Spread at 600rpm, 1 pass
Begin working at 1200rpm, couple of passes
Work at 2000, 2500, 2000rpm until residue clear or defects removed

*Menzerna PO85RD3.02 Intensive Polish*

Spread at 600rpm, 1 pass
Begin working at 1200rpm, 2 passes
Work at 1500 - 1800rpm until residue clear
Refine at 1200rpm, couple of passes

*Menzerna PO85RD Final Finish*

Spread at 600rpm, 1 pass
Begin working at 900rpm, couple of passes
Work at 1200rpm, couple of passes
Work at 1500rpm, until residue clear
Refine at 1200rpm, couple of passes
Burnish at 900rpm, two or three passes with remaining very fine abrasives to take paint to high gloss

The 3M was worked hard and fast, a little pressure was found to give a but more cut and the high speeds did generate a fair amount of heat but did deliver the most effective correction while still maintaining safety to the finish. No attempt was made to refine the finish here... Intensive Polish was then used to tidy up the hologramming but also to soften the RDS just a little further without more severe paint removal. The finish was then refined to a deep gloss using Final Finish...

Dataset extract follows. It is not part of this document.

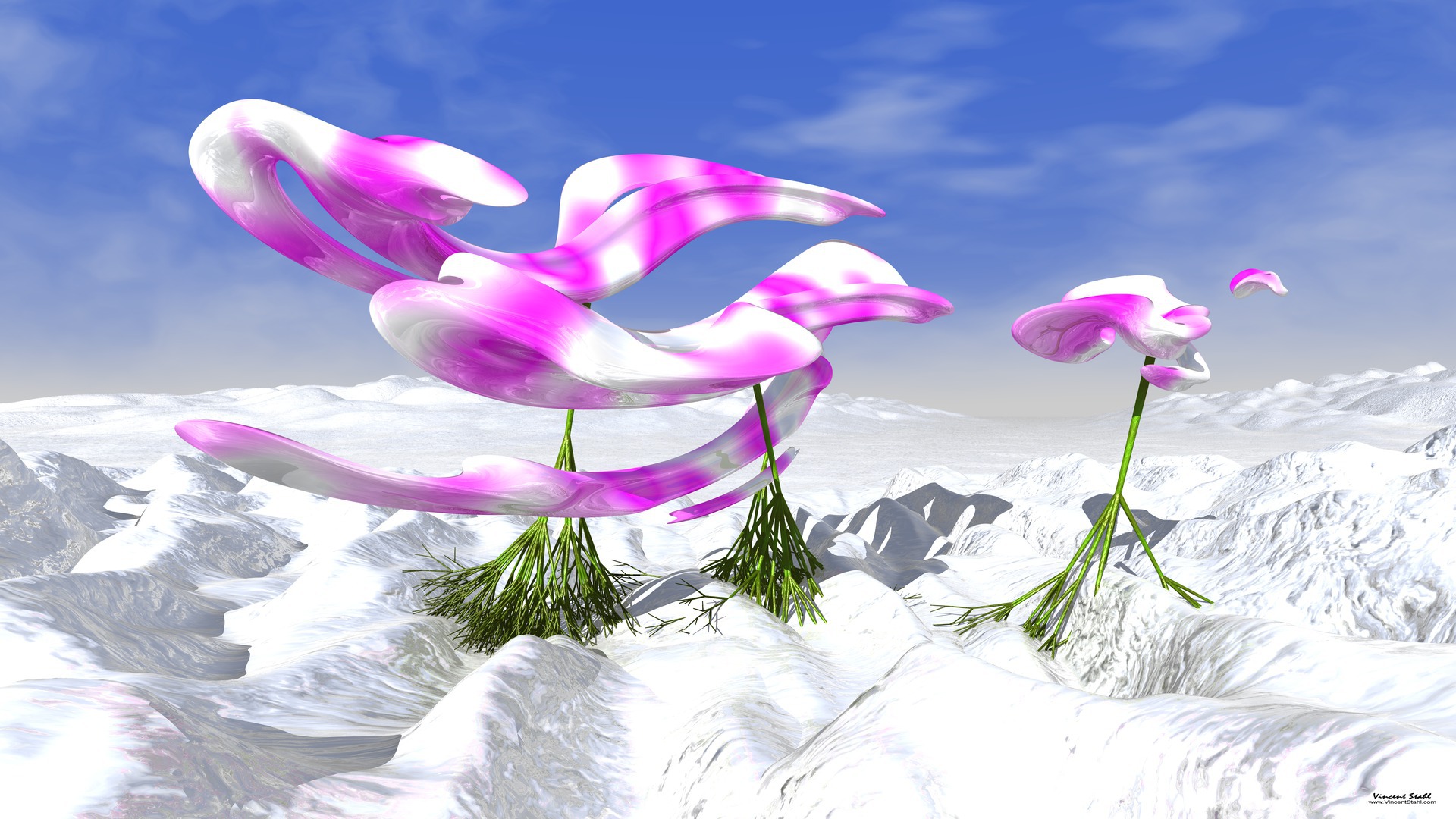 A group of pink-white orchids, flowers based on 4D fractal formations, located in a winter landscape with snow covered hills. Part of the Vincent Stahl desktop wallpapers for personal, non commercial use.

The results, first of all with no light, on the wing:










Huge improvement for sure... under the gun:










Working on the bonnet and wing, the finished shots:



















Not perfect, but a huge improvement to a very poor original finish - severe stone chipping on the bonnet though really needs more serious attention outwith the scope of this particular detail...

Onwards down the driver's side. Before:










After (minus in behind the door handle, required cutting in by hand...)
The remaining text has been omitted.